YOUR OBJECTIVE: Exactly the lines from the one containing "Llavero de cuero" through the end of the data, and nothing more, should be retyped; pictures stay out.

INFORMATION PROVIDED:
++++++
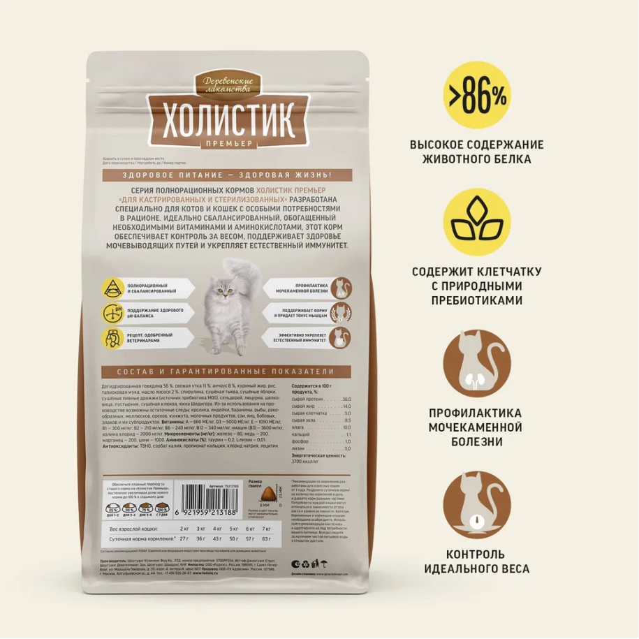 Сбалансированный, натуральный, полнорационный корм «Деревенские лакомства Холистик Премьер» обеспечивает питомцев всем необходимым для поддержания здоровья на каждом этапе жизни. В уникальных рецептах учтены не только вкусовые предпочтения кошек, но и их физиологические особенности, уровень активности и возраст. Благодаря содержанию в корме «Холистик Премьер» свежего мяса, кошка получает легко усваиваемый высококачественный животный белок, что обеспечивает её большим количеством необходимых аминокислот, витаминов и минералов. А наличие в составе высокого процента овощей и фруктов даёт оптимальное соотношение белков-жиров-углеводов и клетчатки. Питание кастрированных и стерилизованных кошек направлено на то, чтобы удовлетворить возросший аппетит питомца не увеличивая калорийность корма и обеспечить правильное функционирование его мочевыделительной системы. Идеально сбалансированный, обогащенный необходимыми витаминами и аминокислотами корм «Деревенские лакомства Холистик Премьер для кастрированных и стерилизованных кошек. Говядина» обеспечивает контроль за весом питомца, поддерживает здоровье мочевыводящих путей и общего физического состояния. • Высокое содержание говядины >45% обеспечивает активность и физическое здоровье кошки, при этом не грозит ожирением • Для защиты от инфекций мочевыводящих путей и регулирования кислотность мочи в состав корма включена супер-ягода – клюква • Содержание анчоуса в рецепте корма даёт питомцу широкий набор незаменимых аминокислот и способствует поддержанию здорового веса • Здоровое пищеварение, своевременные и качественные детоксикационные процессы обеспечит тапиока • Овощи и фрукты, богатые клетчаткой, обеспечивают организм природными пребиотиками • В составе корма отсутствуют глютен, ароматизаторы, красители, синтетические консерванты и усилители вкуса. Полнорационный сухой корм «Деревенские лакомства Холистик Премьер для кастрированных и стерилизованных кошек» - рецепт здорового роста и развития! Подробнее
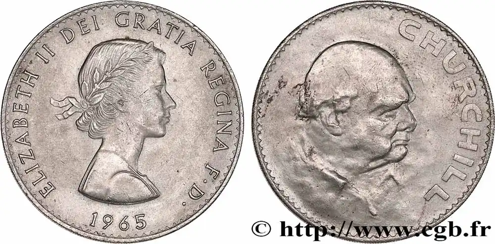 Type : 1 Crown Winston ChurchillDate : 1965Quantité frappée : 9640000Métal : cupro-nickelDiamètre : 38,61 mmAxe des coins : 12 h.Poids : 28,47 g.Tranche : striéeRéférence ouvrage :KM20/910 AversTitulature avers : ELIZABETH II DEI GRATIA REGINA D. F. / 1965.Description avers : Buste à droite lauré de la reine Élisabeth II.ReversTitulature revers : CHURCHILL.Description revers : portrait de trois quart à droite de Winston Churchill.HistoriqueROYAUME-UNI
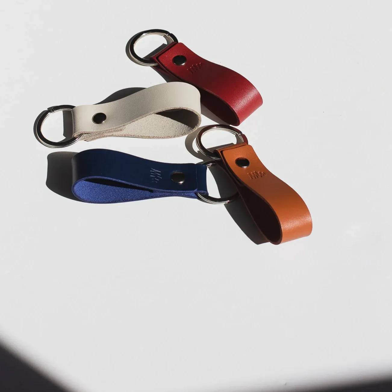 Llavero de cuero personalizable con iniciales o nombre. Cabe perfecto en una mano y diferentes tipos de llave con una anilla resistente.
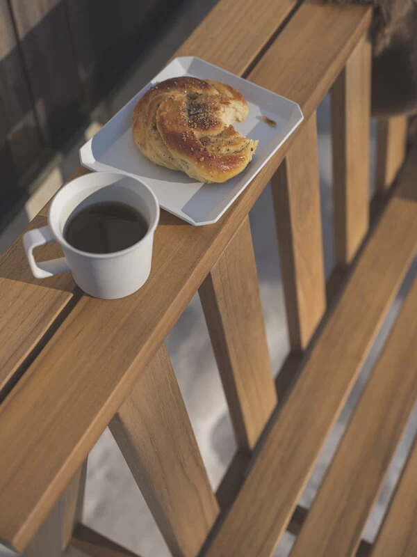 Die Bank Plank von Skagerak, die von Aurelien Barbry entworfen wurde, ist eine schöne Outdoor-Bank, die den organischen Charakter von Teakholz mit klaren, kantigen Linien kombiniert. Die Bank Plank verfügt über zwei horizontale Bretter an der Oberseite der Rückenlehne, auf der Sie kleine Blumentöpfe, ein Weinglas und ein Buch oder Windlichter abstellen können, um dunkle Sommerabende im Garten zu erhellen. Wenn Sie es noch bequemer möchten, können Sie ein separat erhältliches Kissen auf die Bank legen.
++++++
COMPLETED EXERCISE:
 Llavero de cuero personalizable con iniciales o nombre. Cabe perfecto en una mano y diferentes tipos de llave con una anilla resistente.
 Die Bank Plank von Skagerak, die von Aurelien Barbry entworfen wurde, ist eine schöne Outdoor-Bank, die den organischen Charakter von Teakholz mit klaren, kantigen Linien kombiniert. Die Bank Plank verfügt über zwei horizontale Bretter an der Oberseite der Rückenlehne, auf der Sie kleine Blumentöpfe, ein Weinglas und ein Buch oder Windlichter abstellen können, um dunkle Sommerabende im Garten zu erhellen. Wenn Sie es noch bequemer möchten, können Sie ein separat erhältliches Kissen auf die Bank legen.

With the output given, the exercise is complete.